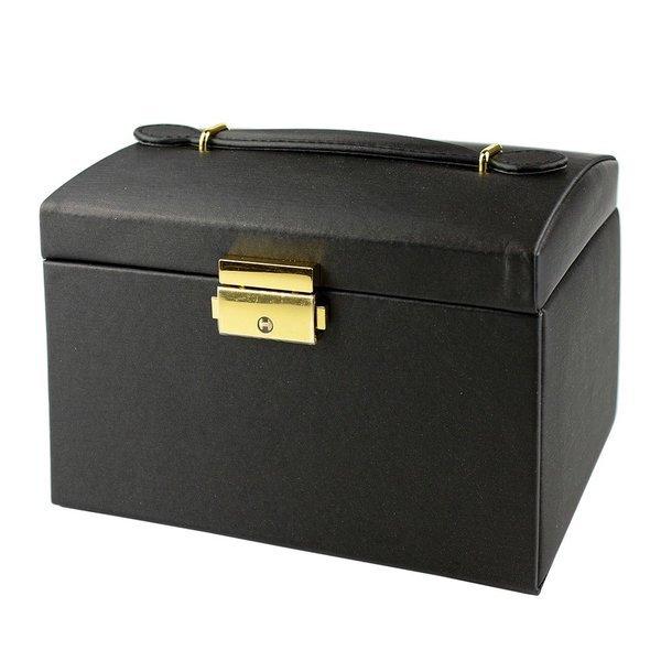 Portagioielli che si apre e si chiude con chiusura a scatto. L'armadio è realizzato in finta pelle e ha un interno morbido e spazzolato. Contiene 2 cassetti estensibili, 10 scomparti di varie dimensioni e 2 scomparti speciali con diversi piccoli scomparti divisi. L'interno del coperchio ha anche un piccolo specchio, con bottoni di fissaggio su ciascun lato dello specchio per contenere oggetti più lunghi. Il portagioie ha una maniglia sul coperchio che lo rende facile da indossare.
==
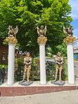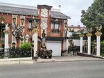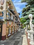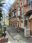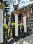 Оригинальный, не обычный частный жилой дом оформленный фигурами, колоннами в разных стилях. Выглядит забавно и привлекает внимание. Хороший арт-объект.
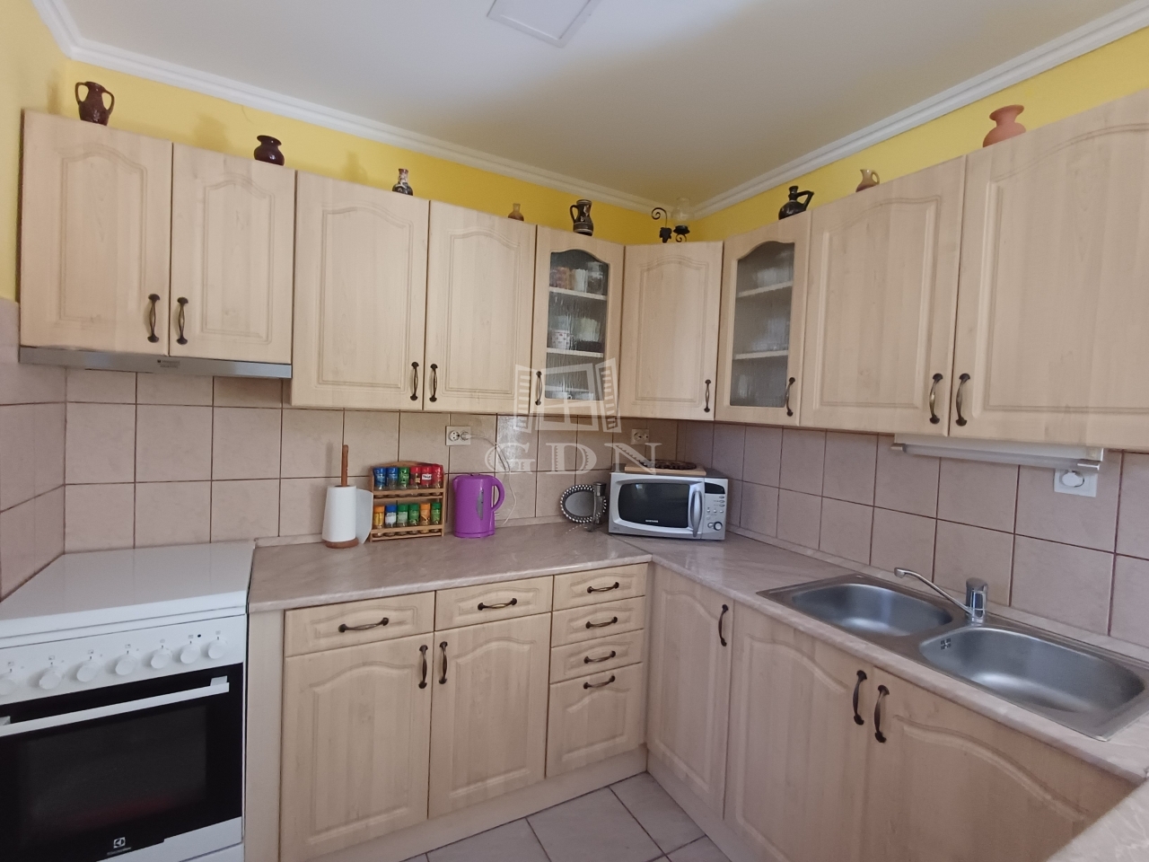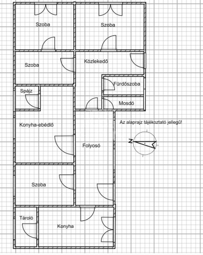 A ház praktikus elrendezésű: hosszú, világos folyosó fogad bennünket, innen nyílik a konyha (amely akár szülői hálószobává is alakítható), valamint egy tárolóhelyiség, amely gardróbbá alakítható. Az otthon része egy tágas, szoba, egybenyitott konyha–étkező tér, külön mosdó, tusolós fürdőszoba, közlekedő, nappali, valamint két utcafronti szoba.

__Action item__.
Print exactly the lines above that run from the one with "Оригинальный, не обычный" to the one with "A ház praktikus", both included. No pictures.

__Task solution__.
 Оригинальный, не обычный частный жилой дом оформленный фигурами, колоннами в разных стилях. Выглядит забавно и привлекает внимание. Хороший арт-объект.
 A ház praktikus elrendezésű: hosszú, világos folyosó fogad bennünket, innen nyílik a konyha (amely akár szülői hálószobává is alakítható), valamint egy tárolóhelyiség, amely gardróbbá alakítható. Az otthon része egy tágas, szoba, egybenyitott konyha–étkező tér, külön mosdó, tusolós fürdőszoba, közlekedő, nappali, valamint két utcafronti szoba.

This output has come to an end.